Trump is supposedly the one of the biggest contributors to Charlie Rangel ever, yet he is supposedly running as a Republican.

And then we have our current president, who is a Republican who ran as a Democrat in 2008. I posted this in comments on the morning thread yesterday, but I can resist doing it again. It’s so funny to see former Obama supporter (why?) Eric Alterman comparing Obama to Jimmy Carter.

Stylistically speaking, Barack Obama could hardly be further from Jimmy Carter if he really had been born in Kenya. Carter was a born-again Baptist who was raised on his father’s peanut plantation and supported George Wallace on the road to the Georgia state house. Barack Obama—well, you know the story. But the two men have a great deal in common in their approach to the presidency, and not one of these similarities is good news for the Democrats or even for America. Both men rule without regard to the concerns of the base of their party. Both held themselves to be above politics when it came to making tough decisions. Both were possessed with superhuman self-confidence when it came to their own political judgment mixed with contempt for what they understood to be the petty concerns of pundits and party leaders. And worst of all, one fears, neither one appeared willing to change course no matter how many storm clouds loomed on the horizon.

Ask yourself if the following story does not sound like another president we could name The gregarious Massachusetts pol, House Speaker Tip O’Neill, could hardly have been more eager to work with a Democratic president after eight years of Nixon and Ford. But when they first met, and O’Neill attempted to advise Carter about which members of Congress might need some special pleading, or even the assorted political favor or two with regard to certain issues, to O’Neill’s open-jawed amazement, Carter replied, “No, I’ll describe the problem in a rational way to the American people. I’m sure they’ll realize I’m right.” The red-nosed Irishman later said he “could have slugged” Carter over this lethal combination of arrogance and naivety, but it would soon become Carter’s calling card.

In some bad news for the radical right, the Supreme Court has refused to hear a challenge to Obamacare before it wends its way through the federal courts.

And in some good news for football fans, a district court has decided that

The NFL’s lockout is harming players and fans and is not in the public interest, District Judge Susan Nelson said in a ruling on Monday that granted the players’ request for an injunction to halt the work stoppage.

Nelson’s order to end the six-week lockout, imposed last month after a breakdown in talks over a new collective deal, is to be appealed by the NFL.

In an 89-page statement, the judge also accepted that the players dissolution of their union was valid and allowed them to act as individuals rather than be constricted by labor bargaining rules.

The Minnesota judge said in the absence of a collective bargaining process, which ended on March 11, antitrust policies come to the fore.

The plaintiffs in the case, led quarterback Tom Brady of the New England Patriots, argued they were suffering harm as a result of a lockout that stops them from reporting to work.

Here’s some more analysis of the decision at USA Today. I realize that I’m one of the few sports fans here at Sky Dancing, so I won’t burden you unduly. But I just want to say that the Red Sox have won five games in a row and are now only one game under .500–after starting the season with a string of pathetic losses. I know at least Pat Johnson will join me in cheering that news.

Daknikat wrote yesterday about the terrible flooding that was expected in Missouri. Well, it’s happening.

Gov. Jay Nixon activated the Missouri National Guard on Monday in response to the flooding of the Black River near Poplar Bluff, Mo. The executive order came just three days after the governor declared a state of emergency from the tornado that tore through St. Louis last Friday.

“Maj. Gen. Stephen Danner has mobilized 200 citizen soldiers and airmen to report initially to the Poplar Bluff area to assist with flood relief there,” said Maj. Tammy Spicer, public affairs officer for the Missouri National Guard.
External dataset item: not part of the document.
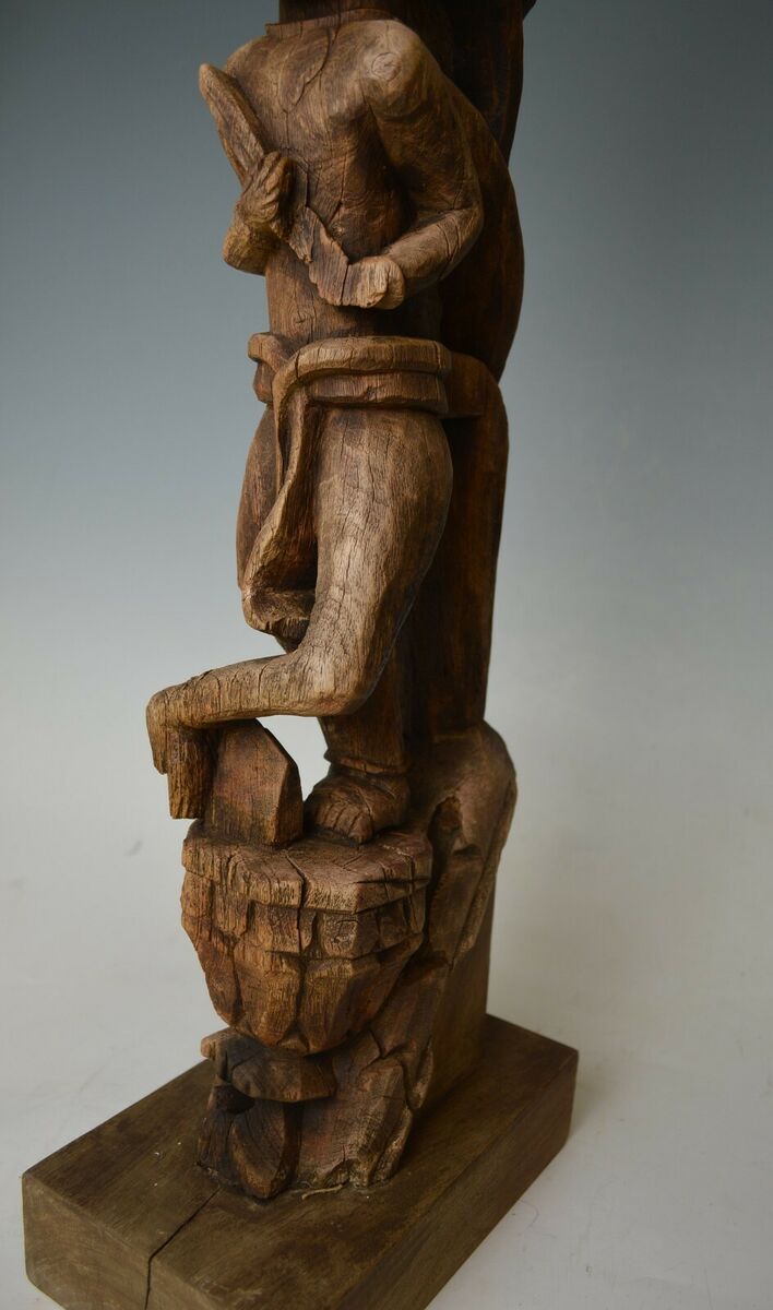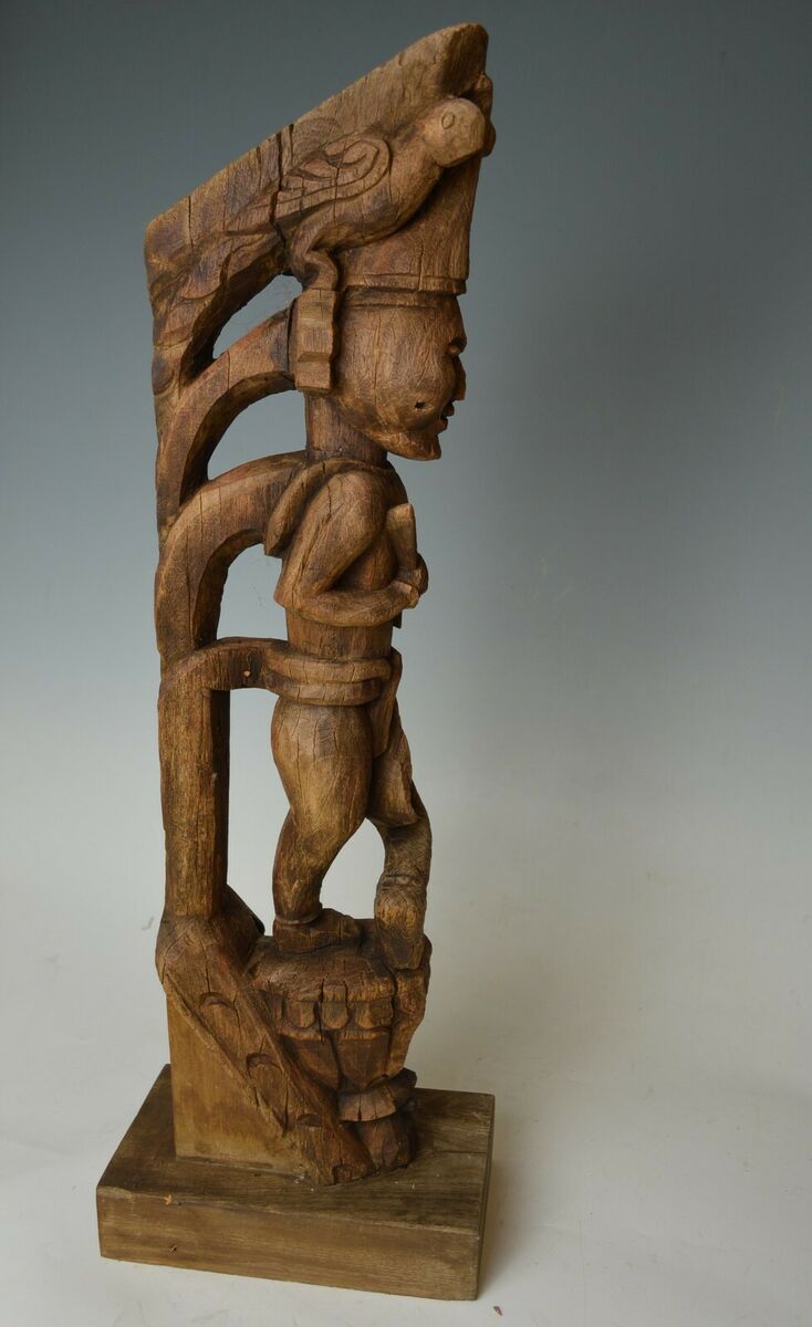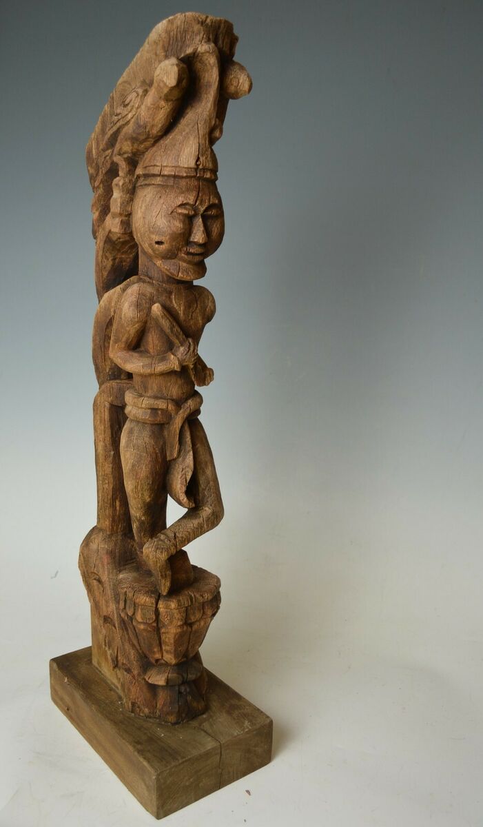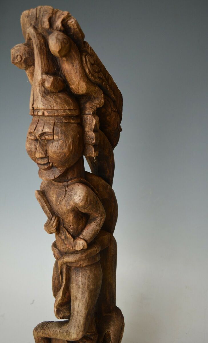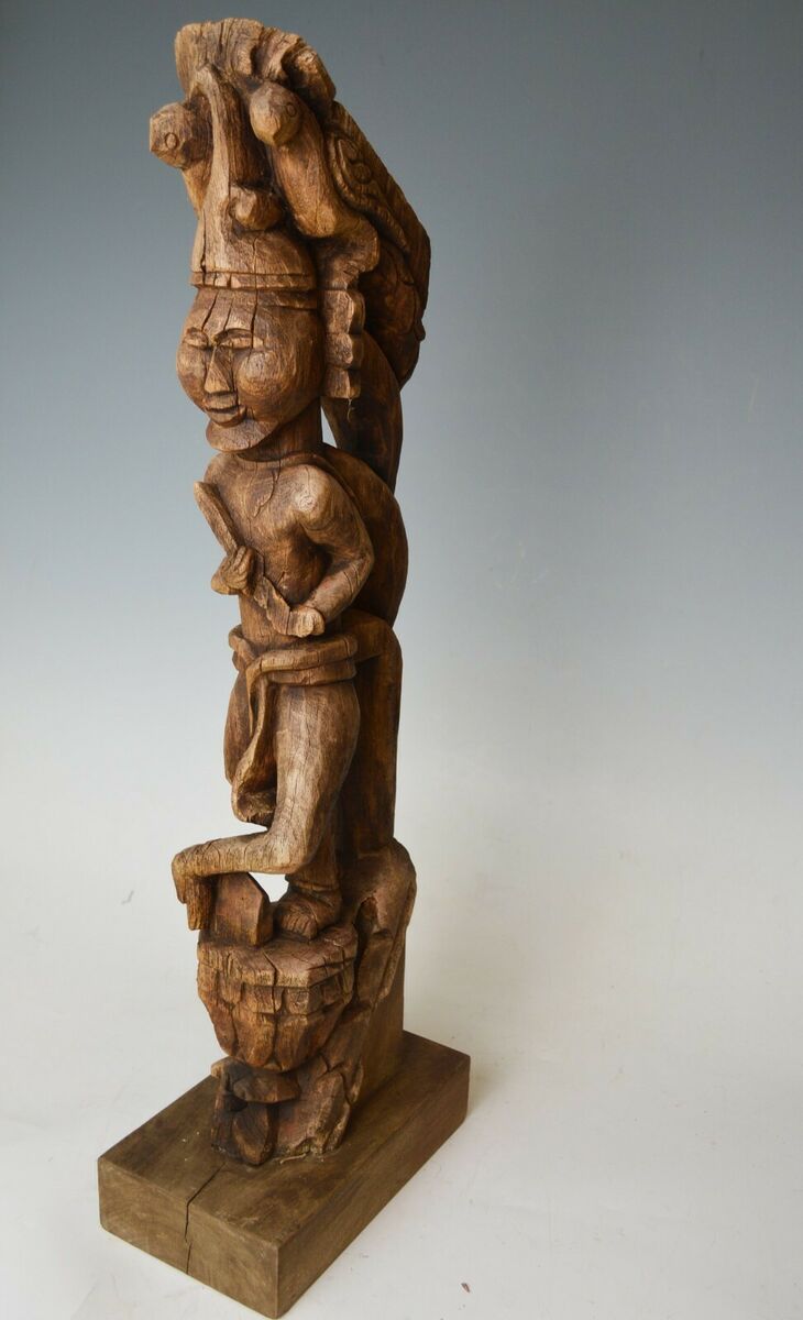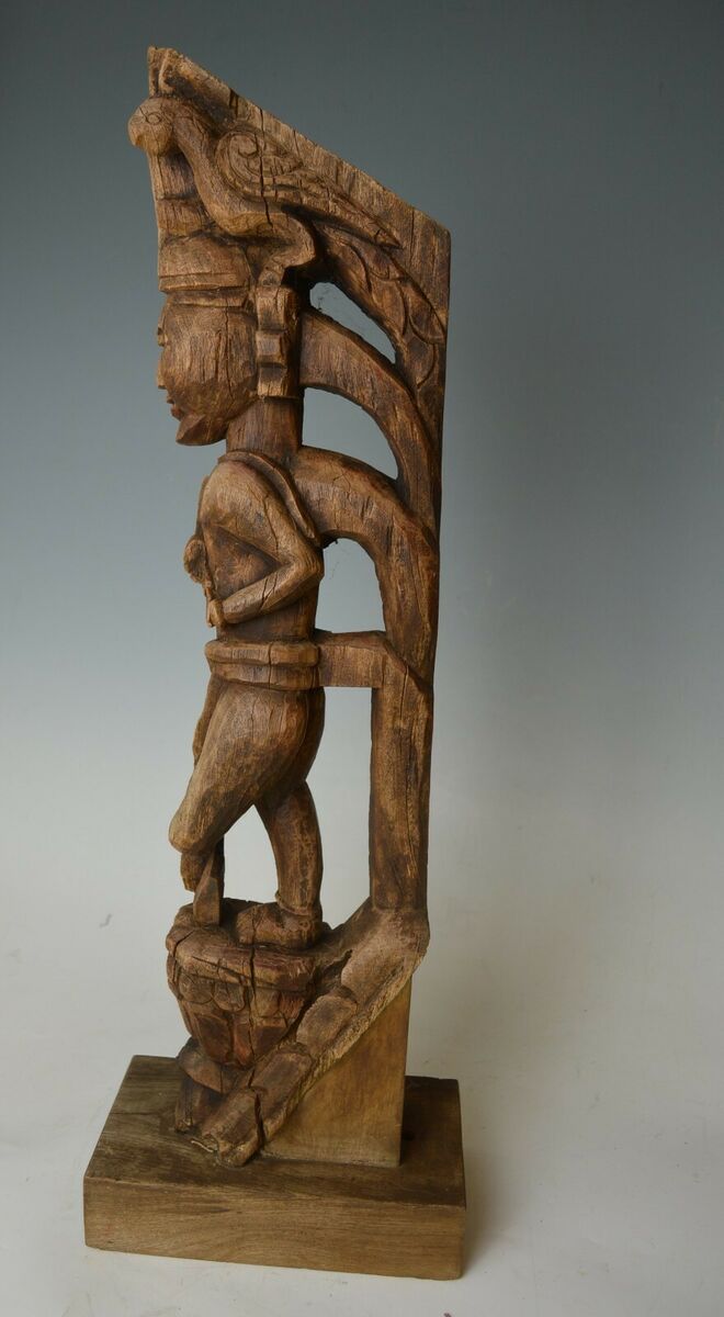 A fine Antique Indo Burmese bracket figure of standing figure in longhi raised on a traditional shaped pedestal surmounted by birds,

More from the Houston Chronicle: Residents flee as river overflows Missouri levee.

Thunder roared and tornado warning sirens blared, and all emergency workers in the southeast Missouri town of Poplar Bluff could do Monday was hope the saturated levee holding back the Black River would survive yet another downpour.

Murky water flowed over the levee at more than three dozen spots and crept toward homes in the flood plain. Some had already flooded. If the levee broke — and forecasters said it was in imminent danger of doing so — some 7,000 residents in and around Poplar Bluff would be displaced.

One thousand homes were evacuated earlier in the day. Sandbagging wasn’t an option, Police Chief Danny Whitely said. There were too many trouble spots, and it was too dangerous to put people on the levee. Police went door-to-door encouraging people to get out. Some scurried to collect belongings, others chose to stay. Two men had to be rescued by boat.

“Basically all we can do now is wait, just wait,” Whitely said.

A Roosevelt would probably have created jobs by having people repair the nation’s rotting infrastructure. But, instead we got Barack “Hoover” Obama and the levees keep on failing.

Things are getting worse and worse in Syria, where there has been a brutal crackdown on protesters over the past several days. From CNN: Deadly attack on protesters raises questions about Syria’s stability

With reports emerging Monday that at least one high-ranking Syrian military commander refused to participate in a bloody, predawn raid that left dozens dead in the southern border city of Daraa — the heart of Syria’s weekslong civil unrest, questions are being raised about possible cracks in President Bashar al-Assad’s hold over the military.

The crackdown on anti-government protesters by Syrian forces escalated in recent days as demonstrators, emboldened by weeks of protests, called for the ouster of al-Assad. The crackdown culminated with the raid in Daraa where thousands of troops reportedly stormed the city and opened fire on demonstrators. It was an attack reminiscent of the brutal rule of al-Assad’s father, who once ordered the military to crush a revolt that resulted in the deaths of thousands.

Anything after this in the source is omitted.